Price trends do not depend on demand alone. Supply plays a major role, and it’s decreasing at an alarming rate. There are not enough new listings coming into the MLS to replace those that are going under contract. In fact, the MLS has been seeing an average deficit of 54 listings per day since April 1st. While demand is considered 18% below normal for this time of year, supply is 40% below normal. Where is the relief going to come from?

New single-family home permits dropped by 74% between March and December last year, so builders are not adding further to supply at the moment. iBuyer inventory from OpenDoor and OfferPad has dwindled from 12% of active supply last August to just 3-4% today, and it’s continuing to decline. Foreclosures are still at record low levels with little evidence to support a significant rise. In the short-term rental market, lower occupancy rates and looming regulations may spur some owners to sell their properties after the peak season is over, but it’s unclear if that supply will be enough to relieve the overall shortage of homes for sale.

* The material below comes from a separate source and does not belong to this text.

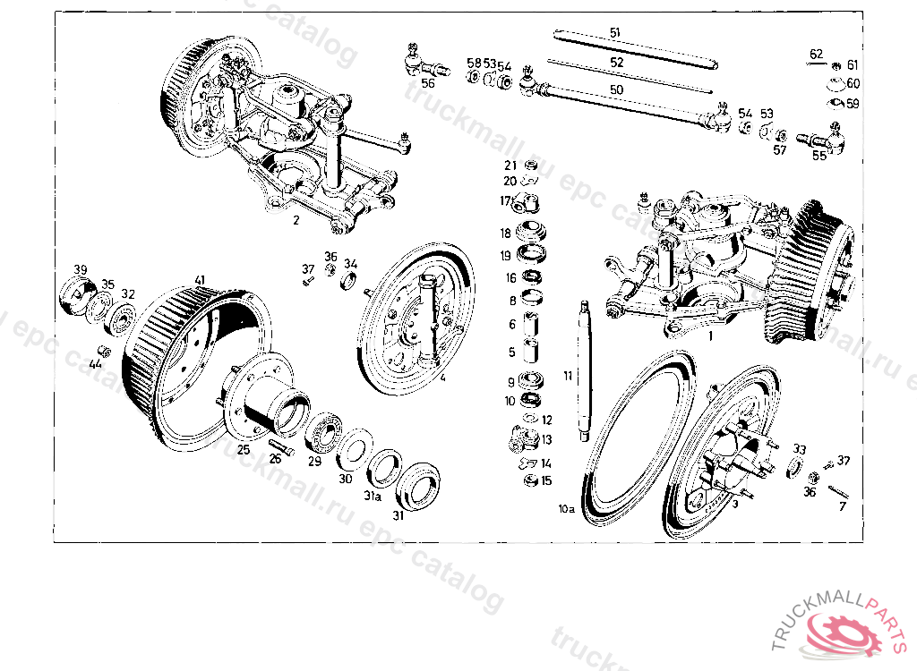 FRONT AXLE, LEFT WITH WISHBONE, BRAKE 90 MM WIDE LOWER SPRING RETAINERS, A1-FIN BRAKE DRUM AND TIE ROD WITHOUT FRONT SPRING FROM FRONT AX, IN CASE OF RIGHT-HAND DRIVE TURN 1 TIE ROD HEAD TO DEG. 180 AND ADJUST TO APPLICABLE LENGTH

At this time, leading indicators point to more upward pressure on price for Greater Phoenix. Time is of the essence for those buyers on the fence. As supply continues to decline, the percentage of sales with seller’s contributing to closing costs and mortgage rate buy-downs has declined as well, down from 52% in January to just 39% last week.
 
For Sellers:
Seller positions are improving, but the current environment is not remotely comparable to 2021 or 2022. Only 3 major cities remain in Buyer’s Markets. They are Queen Creek, Maricopa, and Buckeye. Queen Creek is a mild buyer’s market moving towards balance, and Maricopa is fast improving as well. Price measures have stopped dropping in Maricopa and Buckeye, and San Tan Valley (Pinal side of Queen Creek).

Greater Phoenix would not be in a seller’s market right now without hefty seller-paid incentives to buyers. Price points between $250K-$800K show 40-57% of sales involving seller-paid closing costs, and West Valley zip codes close to I-17 and Avondale are seeing 70-80% with similar concessions. The median cost to sellers is an additional $9,000, which is typically allocated to temporarily buying down a buyer’s mortgage rate by 2-3%. While sellers may lament buying down a rate on their sale, they may be awarded that same benefit when they turn into buyers, which certainly dulls the sting.

Demand is still weak due to wild fluctuations in mortgage rates. One can argue that the volatility in rates is worse than the rates themselves. A little stability will go a long way in improving demand, however for now it’s the lack of supply pushing prices up.